Rachel è una bambina che vive in un orfanotrofio ebraico della New York degli anni Venti. Rachel è anche una donna, un’infermiera, che cerca di fuggire da un passato che l’ha fatta soffrire. Ma un giorno in ospedale arriva una paziente diversa, Mildred Solomon, che avrà un ruolo chiave proprio in quel passato che lei vorrebbe lasciarsi alle spalle… Narrato su due piani temporali, La bambina numero otto di Kim van Alkemade (Bookme – DeAgostini, 384 pagine, 16,90 €) si basa su fatti veri e su vicende realmente accadute e legate alla storia dell’autrice (nella foto) come ci racconta lei stessa in questa intervista.

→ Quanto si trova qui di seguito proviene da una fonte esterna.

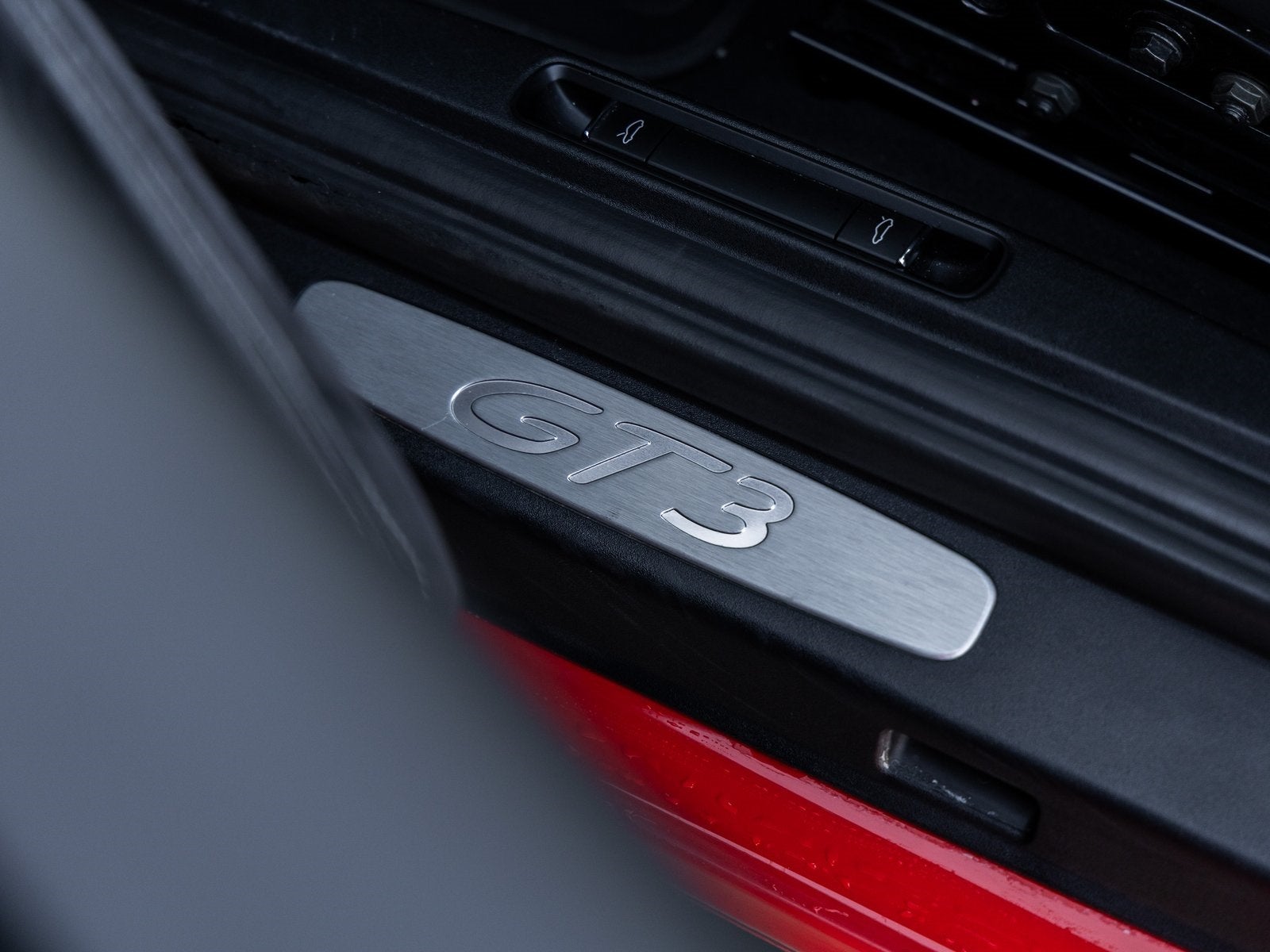 The GT3 stands as a beacon of design and performance, its Guards Red exterior not just a color, but a badge of honor that reflects Porsche's illustrious racing heritage. Adorned with LED Headlights including Porsche Dynamic Light System Plus (PDLS Plus) and Porsche Ceramic Composite Brakes (PCCB), it presents an intimidating stance. The Front Axle Lift System ensures enhanced practicality for daily driving, while the Extended Range Fuel Tank underscores its touring capability.
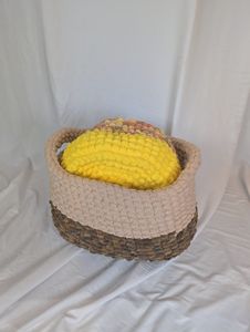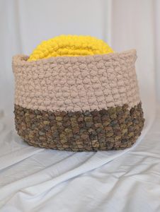 Stylish storage. “Earthbound Basket” in khaki, tan, and brown, hand-knit with handles. 15-gallon capacity, sturdy and soft alternative to plastic bins. 🧺🤎
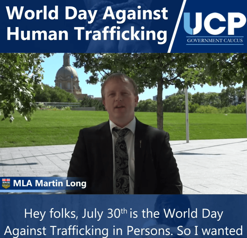 Posted Under: Martin Long 30 Jul 2020 Human trafficking is a heinous crime that preys upon the most vulnerable members of society. On this World Day Against Trafficking in Persons, Alberta recommits to eradicating human trafficking and supporting survivors.

La bambina numero otto non è solo fiction, ma è ispirato a fatti veri accaduti a New York. Quali?
«Il fatto che alcuni bambini, 8 per la precisione, nell’anno 1919, abbiano ricevuto cicli di “trattamenti” a raggi X da una dottoressa impiegata alla Hebrew Infant Home corrisponde al vero. Il suo nome nella realtà era Elsie Fox ed è stata lei a ispirare il personaggio di Mildred Solomon. Negli stessi anni e presso la stessa istituzione, il dottor Alfred Hess ha effettivamente condotto ricerche sul rachitismo, lo scorbuto e altre patologie. All’epoca, era molto frequente che i medici impiegassero cavie umane dagli orfanotrofi nell’ambito della sperimentazione e della ricerca. Le malattie infettive mietevano moltissime vittime tra i bambini e trovare nuove cure e vaccini era una necessità pressante. Tuttavia, capitava che membri della comunità medico-scientifica inducessero volontariamente l’insorgere di determinate malattie per poi studiarne gli effetti e le relative cure. Queste pratiche, benché criticate negli ambienti più illuminati, erano decisamente diffuse. Molti dei luoghi del romanzo corrispondono a posti reali. Nel descrivere l’orfanotrofio dove crescono Rachel e Sam, per esempio, mi sono ispirata allo Hebrew Orphan Asylum, che fu costruito negli anni Ottanta dell’Ottocento e chiuso definitivamente negli anni Quaranta del secolo scorso».
Quanto è stato duro per Rachel trovare se stessa e smettere di essere la numero otto?
«Trovare se stessa in quanto individuo è un processo che per Rachel dura tutta la vita. Incontrare la dottoressa Solomon e scoprire la verità sul proprio passato le consente di integrare le ingiustizie subite nella persona che è diventata: finalmente è nella posizione di compiere delle scelte, può decidere come reagire alle informazioni e alla consapevolezza che ha conquistato – e che trattamento riservare alla dottoressa Solomon. Essere l’orfana numero 8 significava non avere alcun potere di scelta, obbedire alle regole e essere una fra tanti. Diventare se stessa le consente di decidere quali regole seguire, di distinguere tra quelle giuste e quelle inique e comportarsi di conseguenza».
È più difficile vendicarsi o perdonare?
«Ciò che più mi interessava nell’esplorare la storia di Rachel è quanto attraente possa risultare la vendetta, quanto possa apparirci giusto restituire il dolore a coloro che ce lo hanno procurato.
Ma ferire qualcuno non porta pace a una persona che ha sofferto. La giustizia, naturalmente, è tutt’altro paio di maniche: la società ha il dovere di punire chi commette un crimine o procura sofferenza a un altro essere umano. Il perdono è una scelta faticosa, perché implica il superamento della rabbia. Ma la rabbia, alla lunga, è un fardello troppo pesante da portare. Una persona può impiegare anni a trovare la risposta giusta al dolore che le è stato inflitto. In fin dei conti il perdono non è tanto un regalo o una concessione che facciamo a un altro, quanto uno stato d’animo, un modo di sentire».
Come le è venuta l’idea di scavare nel suo passato per raccontare questa storia?
«Mio nonno, Victor Berger, fu affidato all’ Hebrew Orphan Asylum di New York in seguito all’abbandono della famiglia da parte del padre. Il personaggio dello stesso nome che compare nel romanzo è il mio modo di rendere omaggio alla sua memoria. Stavo svolgendo delle ricerche sugli orfanotrofi per bambini ebrei al fine di capire meglio la sua esperienza quando mi sono imbattuta nella storia degli 8 bambini e dei trattamenti a raggi x. In quel momento è nata l’idea del romanzo. Ho proseguito le mie ricerche negli archivi e nelle biblioteche della città e in seguito non ho esitato – con l’approvazione della mia famiglia – a inserire nella narrazione elementi ed episodi reali presi in prestito dall’esperienza dei miei antenati».